We shall begin by breaking down the term into phrases, digesting the definitions of each phrase and understanding the relationship between the phrases.
Software Process
A software process is a set of related activities leading towards the development of a software product using whatever tool or stack needed. The process includes four fundamental activities to software engineering: Software specification, design and implementation, validation, and evolution.
In describing these processes, we make use of models or interfaces that would represent the activities of these process. For critical systems, a well defined process is imperative to the success of the project. However, these processes differ based on their specification. The latter critical system would be categorized as plan-driven while systems with rapidly changing requirements would entail agile processes.
Software Process Models
Software process models are simplified representation of software processes. These models allow an easier illustration of the software process. Models give you an overview of the process. For example, overview of activities and sequences may be reflected on the model, yet, the specific roles of persons may not be shown. We see a framework of the whole process. The process models we’re going to define are:
1. Build and Fix Model
The product is implemented without any specification or design. The model is fine for short programs (with a few hundred lines of code) that won’t require any maintenance, but it would be totally unsatisfactory for nontrivial programs especially since it would entail high cost and difficult maintenance.
2. Waterfall Model
The waterfall model is perhaps the model widely used until early 1980s. The model is a fitting representation for plan-driven processes. The model is characterized by Feedback Loops.
The waterfall model enforces a disciplined approach.
3. Rapid Prototyping Model
The product is developed with reduced capability. The product is presented to client for approval, and developed specification with better understanding.
The first step is to construct the prototype as rapidly as possible. Only those aspects of the software that will be visible to customer/user. It is characterized by a linear model with no feedback loops. The model is not proven and has its own problems. The possible solution might be to use rapid prototyping for defining requirements then proceed to using Waterfall model for the rest of the life cycle.
The rapid prototype is used in the requirements phase. It is evaluated by the customer (or user) and then discarded and not turned into a product.
4. Incremental Model
The product is divided into builds with each build containing an operational quality subsystem. With each additional build a new subsystem is integrated with the previous build. Other types of Incremental Models include Extreme Programming Model and Synchronize-And-Stabilize Model.
The project is divided into builds or modules interacting to provide a specific functionality.

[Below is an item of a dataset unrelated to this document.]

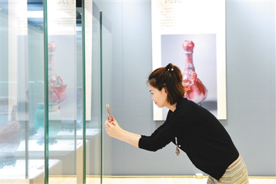 圖為一位觀眾在拍攝國家級非物質(zhì)文化遺產(chǎn)代表性傳承人任星航的鈞瓷作品。iuN安康新聞網(wǎng)
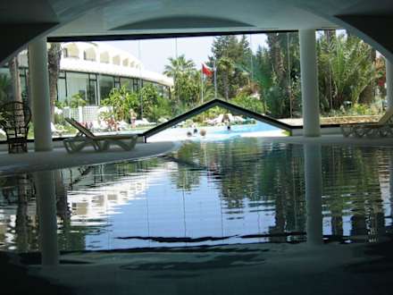 Blick vom Hallenbad in den Pool

The typical product is 5 to 25 builds.
While the waterfall and rapid prototyping models deliver a complete product at the end, the incremental model on the other hand delivers portion of the product at each stage.
5. Synchronize-and-Stabilize Model
The SaS Model is Microsoft’s life-cycle model. It is a version of incremental model.
In requirements analysis, potential customers are interviewed. The features with priorities are listed. Specifications are drawn and the project is divided into 3 or 4 builds. Each build is carried out by small teams working in parallel.
At the end of the day – synchronize (put together partially completed components; test and debug), At the end of the build – stabilize (fix the remaining faults; freeze build)
6. Spiral Model
The concept is to minimize risk via the use of prototypes and other means. Set of important requirements are selected for each prototype. It is a simplified form of Waterfall model combined with risk analysis.
Preceed each phase by Alternatives and Risk Analysis, Follow each phase by Evaluation and Planning of the next phase. If risks cannot be resolved, project may be terminated immediately.
7. Object-Oriented Life-Cycle Models
There is a need for iteration within and between phases. All Object oriented life cycles are: Iterative, Parallel, and Incremental.
Conclusion
Although there is no “ideal” software process, there is always an advantage to adapting software engineering best practices and improving the current processes of an organization. Legacy processes may undergo standardization and new software engineering methods and techniques may be introduced resulting to hybrid models.